RESULTS: Patients with AEs in the first one week had a higher DCR compared with those after one week (86.11% versus 60.98%, p=0.013). Patients with serious AEs (SAEs) had a significantly higher DCR (81.40% versus 60.60%, p=0.045). There were associations between anemia and DCR in both occurrence (79.63% versus 56.52%, p=0.037) and grade (100% versus 73.17%, p=0.048). The median PFS of patients with hematological toxicity was longer than that of patients with no-hematological toxicity (30 versus 20 weeks, p=0.047). Patients with hematological toxicity within four weeks had prolonged median PFS than those with hematological toxicity after four weeks (40 versus 22 weeks, p=0.003).
CONCLUSIONS: The early presence of AEs and SAEs in hematological toxicity of PARPi were related to the antitumor efficacy, which might be a valid and easily measurable clinical marker in ovarian cancer patients.

Introduction

Ovarian cancer remains the first leading cause of cancer death in gynecological malignancy (1). Seventy percent of ovarian cancer patients can benefit from the traditional standard first-line treatment including cytoreductive surgery followed by platinum-based chemotherapy (2). However, about 80% patients will develop disease recurrence after traditional initial treatment and ultimately progress to platinum-resistance ovarian cancer (3). Recently, PARPi have transformed the treatment landscape of patients with ovarian cancer (4–11).

DNA damage in cells manifests mainly as single-strand breaks (SSBs), double strand breaks (DSBs) or replication fork stalling (12). PARP1 and PARP2 enzymes play an important role in the repair of SSBs in DNA, and they can recognize and bind to the DNA fracture site, and mediate DNA single-strand damage repair in tumor cells. HRD-positive tumor cells (cells with BRCA mutation or other mutations in homologous recombination repair (HRR) pathway genes such as RAD51 and ATM) cannot repair DNA single-strand damage, forming the synthetic lethal effect (13). Therefore, BRCAmt or HRD-positive tumor cells are more sensitive to PARPi in terms of molecular mechanisms (14).

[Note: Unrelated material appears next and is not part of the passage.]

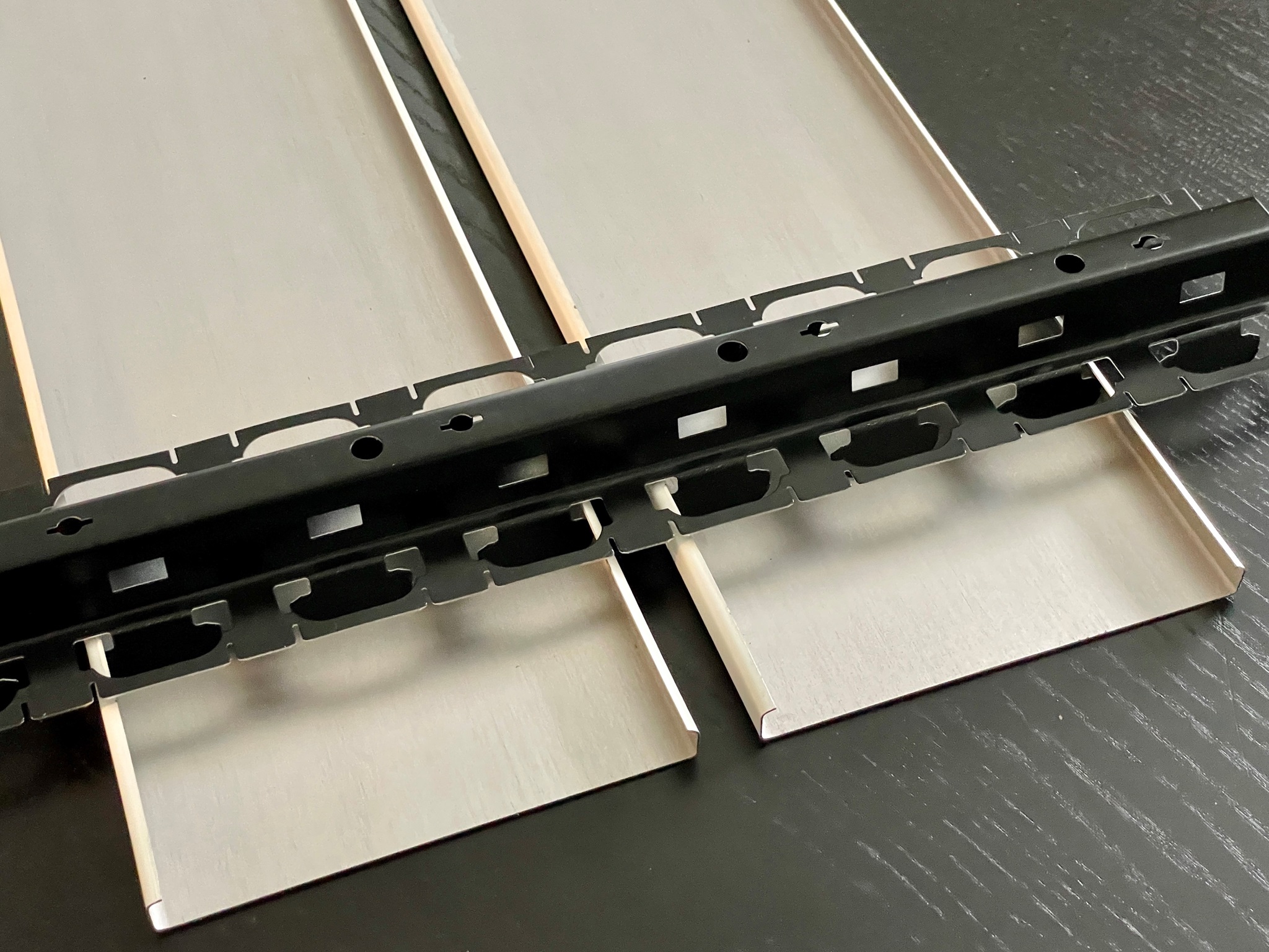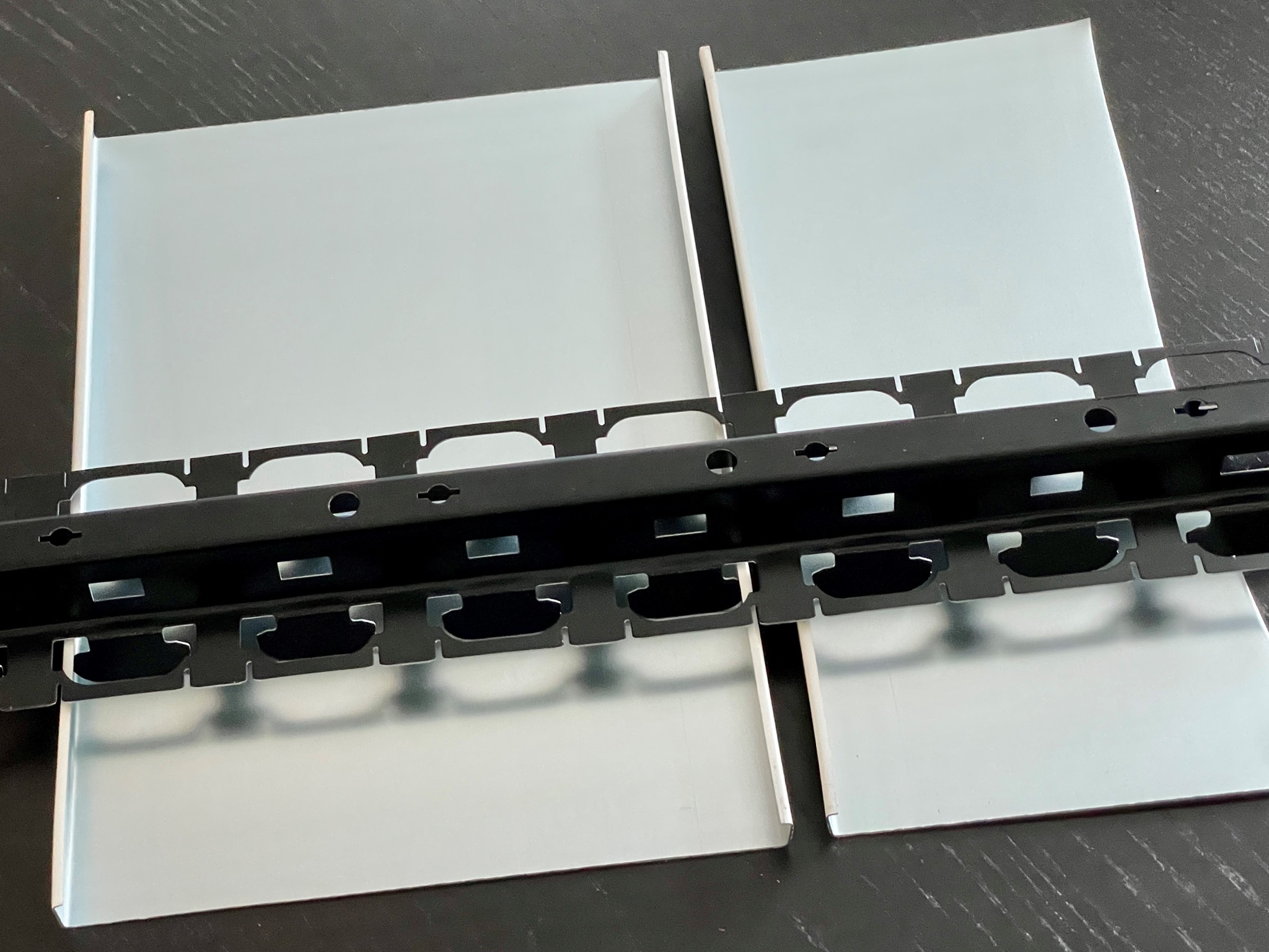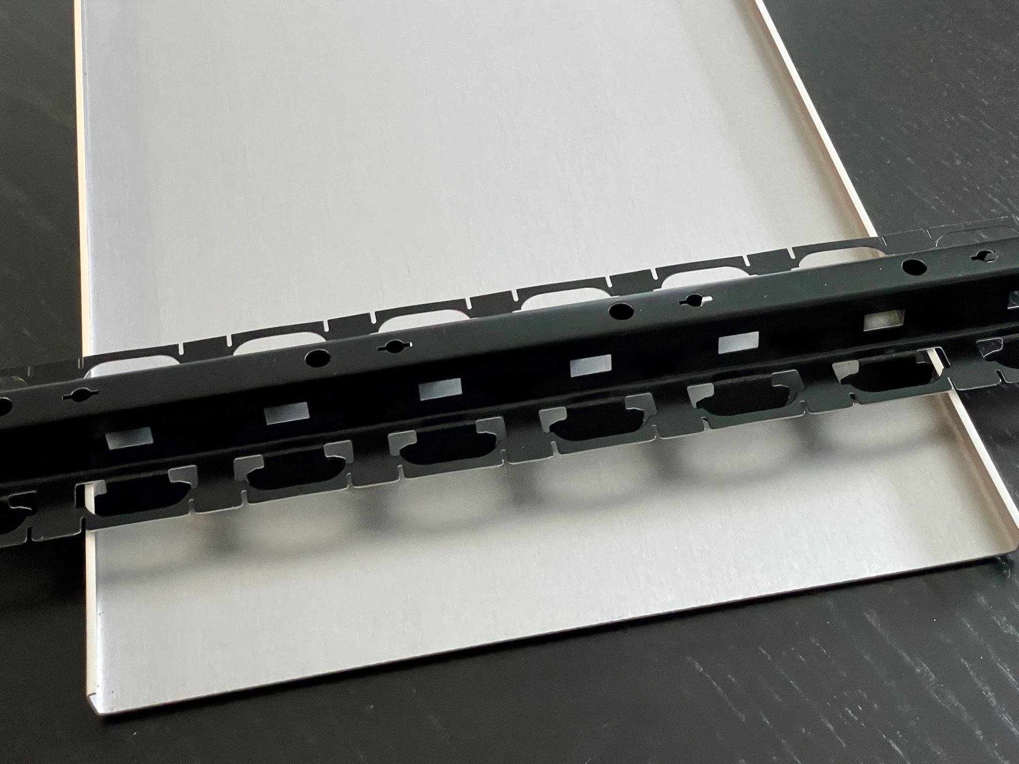 diese Tragschiene ist aus verzinktem Stahl hergestellt und beidseitig schwarz einbrennlackiert.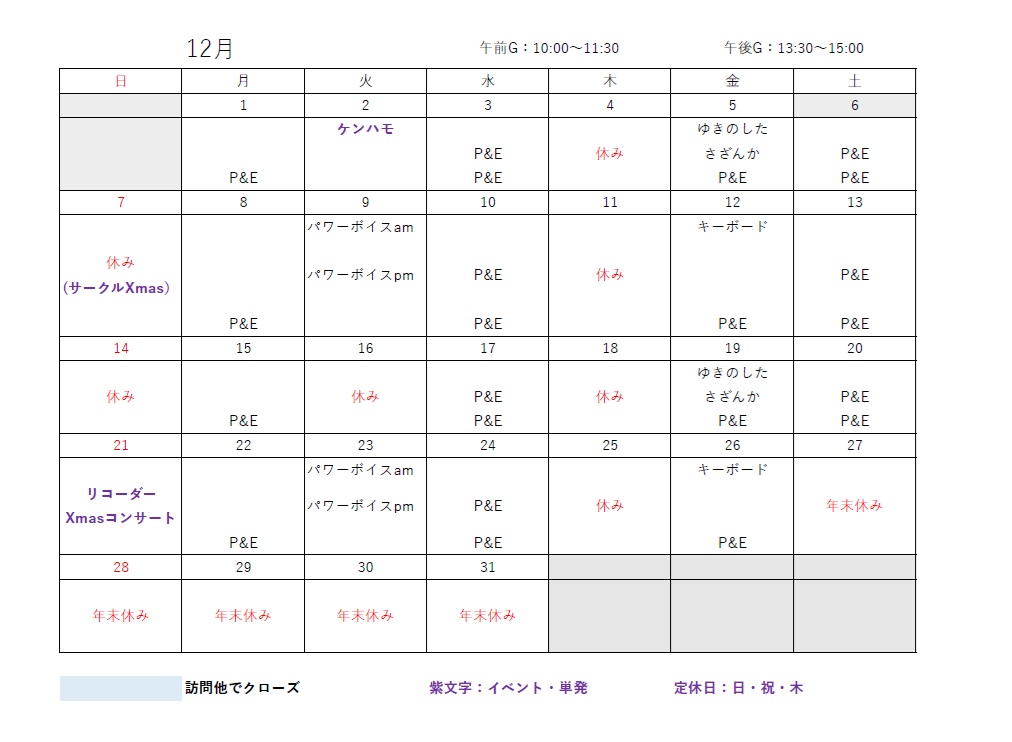 日頃の単発のグループもありますので、日程を確認してお出かけください。

PARPi are recommended as maintenance treatment and multi-line treatment in ovarian cancer patients according to National Comprehensive Cancer Network (NCCN) guidelines. The five-year follow-up data of SOLO1 showed that nearly 50% of patients harbored BRCA mutation have not progress with olaparib as first-line maintenance treatment, compared with 20% of patients in placebo group in 2020 ESMO meeting (15). Furthermore, olaparib as second-line maintenance treatment significantly increased progression-free survival (PFS) and overall survival (OS) for patients with BRCA mutation in SOLO2 study (16, 17). Both NOVA and PRIMA studies demonstrated that patients with HRD positive could get more benefit from niraparib as maintenance treatment (4, 5). On the other hand, olaparib could be used as single-agent therapy for multi-line treatment in ovarian cancer patients harbored BRCA mutation (18). QUADRA study demonstrated that women with heavily pretreated ovarian cancer, especially in patients with HRD positive platinum-sensitive disease, which included not only patients with BRCA mutation but also population with BRCA wild-type could benefit from niraparib (19). Previous clinical trials showed that ovarian cancer patients with BRCA mutation or HRD positive were more likely to benefit from PARPi. It was confirmed that BRCA mutation or HRD positive was an effective predictive biomarker for efficacy of PARPi from both molecular mechanisms and clinical practice.

However, there were no early clinical biomarkers to predict the efficacy. We observed that most patients suffered different PARPi-related adverse events (PrAEs) that might correlate with prognosis in our previous real-world studies (20). Based on these observations, we conducted this study to investigate the association of PrAEs with clinical outcomes in ovarian cancer patients.

Materials and Methods

Study Population

Between July 2018 to July 2020, seventy-eight advanced ovarian cancer/fallopian tube cancer/peritoneal cancer patients treated with PARPi, including olaparib with initial dose as 300 mg twice-daily and niraparib with initial dose as 200mg once-daily that was based on the baseline weight or platelets were enrolled in Jiangsu Cancer Hospital. If the patient experienced SAEs (Grade 3-4), the dose reduction and interruption would be done according to drug instruction of olaparib or niraparib. Treatment discontinued until the occurrence of radiological progression, as defined by Response Evaluation Criteria in Solid Tumors 1.1 (RECIST 1.1), unacceptable adverse events or death. Basic characteristics were collected from these patients. Platinum-sensitive ovarian cancer was defined as patients who relapsed more than or equal to 6 months after initial treatment and platinum-resistant ovarian cancer was considered as patients who progressed during initial treatment, or relapsed less than 6 months after initial treatment.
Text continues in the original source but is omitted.